Work required: Take the line that contains "2025年の新緑が鮮やかに映" and each line after it to the end of the material below, and return them exactly, minus the pictures.

Input data:
┄┄┄┄┄┄┄┄┄┄┄┄┄┄┄┄┄┄┄┄
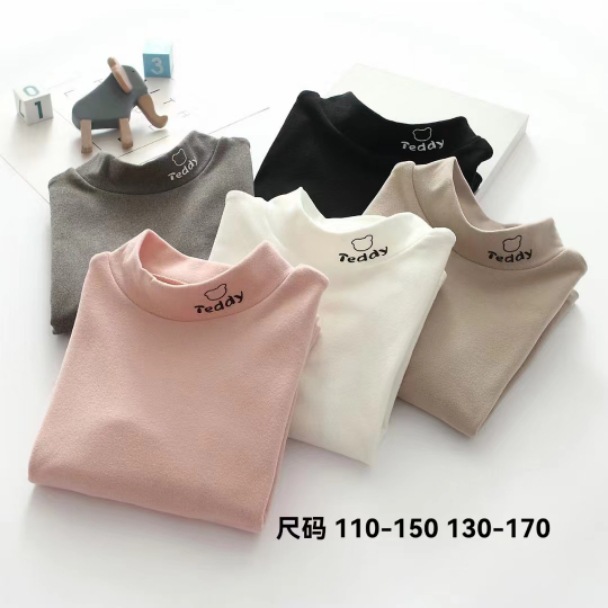 秋冬の子供の大きい版の底のシャツの韓国版の中で大きい子供は厚い半高襟のtシャツの小さい乳の皮の保温の長袖のatn91
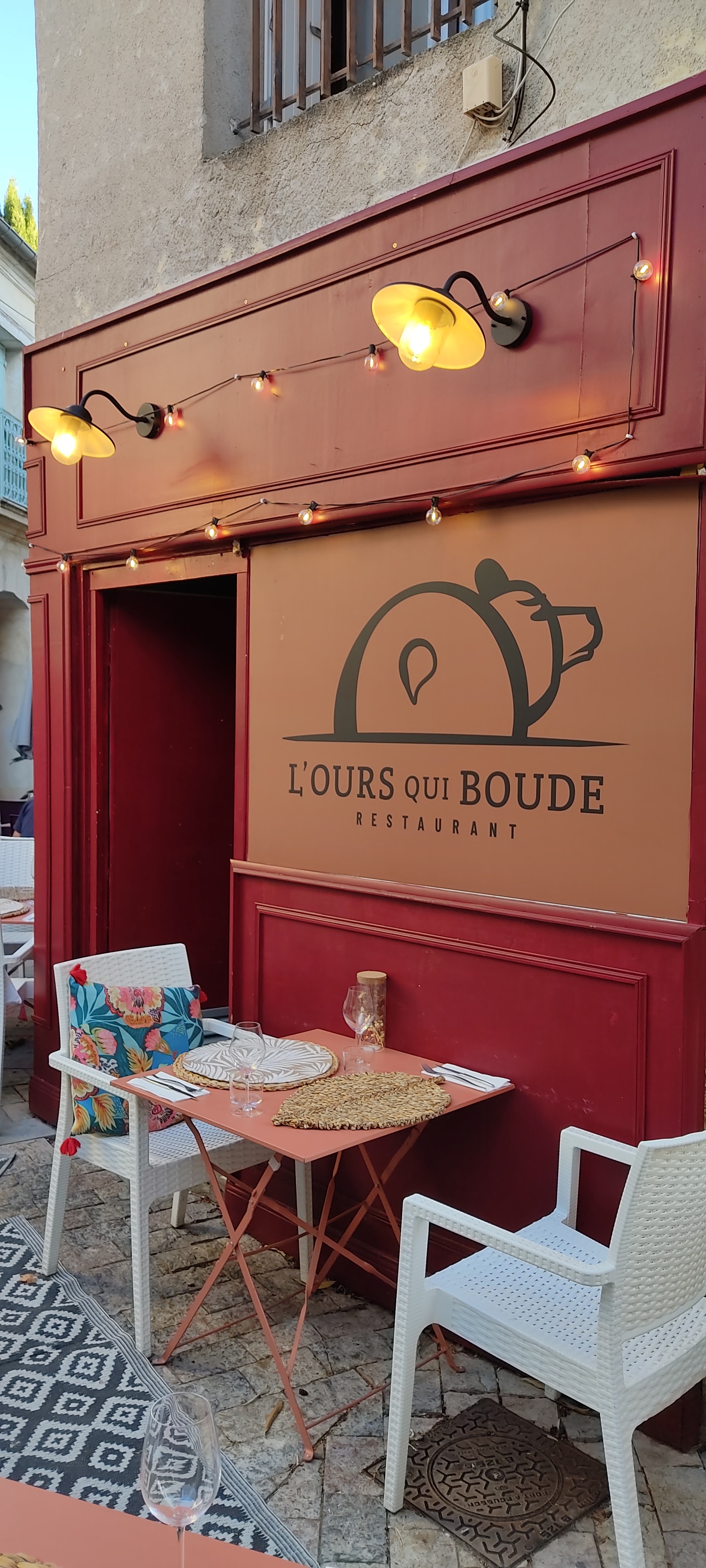 En plein coeur de Castelnau-Le-Lez un ours vous attend. Niché dans une petite ruelle il va vous accompagner dans un cadre extérieur accueillant, champêtre, coloré, la campagne en plein centre ville. Puis dès que les premiers frimas vont pointer le bout de leur nez vous serez accueillis dans une salle dont l'ambiance tamisée va venir vous envelopper. La déco est jolie, le mobilier tout autant, les matières nobles sont mises à l'honneur. Le plafond végétalisé et lumineux apporte à l'ensemble une touche féerique. La cuisine traditionnelle revisitée et modernisée par la cheffe saura ravir aussi bien vos papilles que vos mirettes. Des associations judicieuses, inventives dans le respect des produits et de la saisonnalité. Vous allez vous régaler. Je ne peux que vous inviter à aller découvrir l'Ours qui boude. Boudeur il est peut-être mais je vous assure qu'il est très accueillant et les prix à la carte ou le menu sont tout à fait corrects. Vous n'aurez qu'une envie, y retourner ....
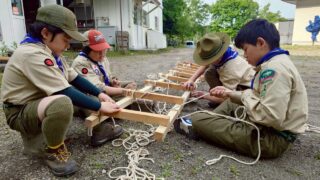 2025年の新緑が鮮やかに映える晴れた日に、ボーイ隊はロープワークを駆使して長い梯子を作る挑戦を行いました。使用したのは3.6メートルの角材が2本と、それに取り付けるために折り畳み鋸で切り出した多数の短い横桟です。これらを組み合わせ、ロープ...
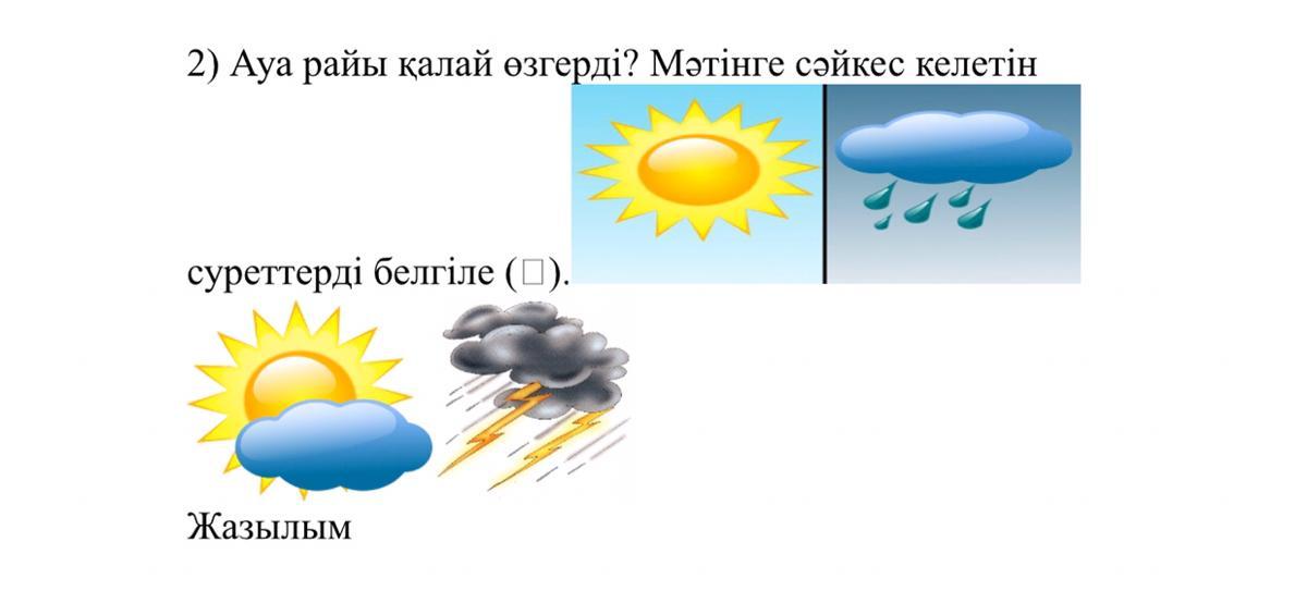Ауа райы мезгілге қарай,климаттық деңгейге қарай өзгереді.Мысалы полюс суық жар болғандықтан ол жақта ауа райы қатты ыстық болмайды.Ауа райы мезгілге қарай өзгереді мысалы жазда ауа райы ыстық болады қыста суық күзде жаңбыр жауады.Солайша ауа райы өзгереді
┄┄┄┄┄┄┄┄┄┄┄┄┄┄┄┄┄┄┄┄
Worked solution:
 2025年の新緑が鮮やかに映える晴れた日に、ボーイ隊はロープワークを駆使して長い梯子を作る挑戦を行いました。使用したのは3.6メートルの角材が2本と、それに取り付けるために折り畳み鋸で切り出した多数の短い横桟です。これらを組み合わせ、ロープ...
Ауа райы мезгілге қарай,климаттық деңгейге қарай өзгереді.Мысалы полюс суық жар болғандықтан ол жақта ауа райы қатты ыстық болмайды.Ауа райы мезгілге қарай өзгереді мысалы жазда ауа райы ыстық болады қыста суық күзде жаңбыр жауады.Солайша ауа райы өзгереді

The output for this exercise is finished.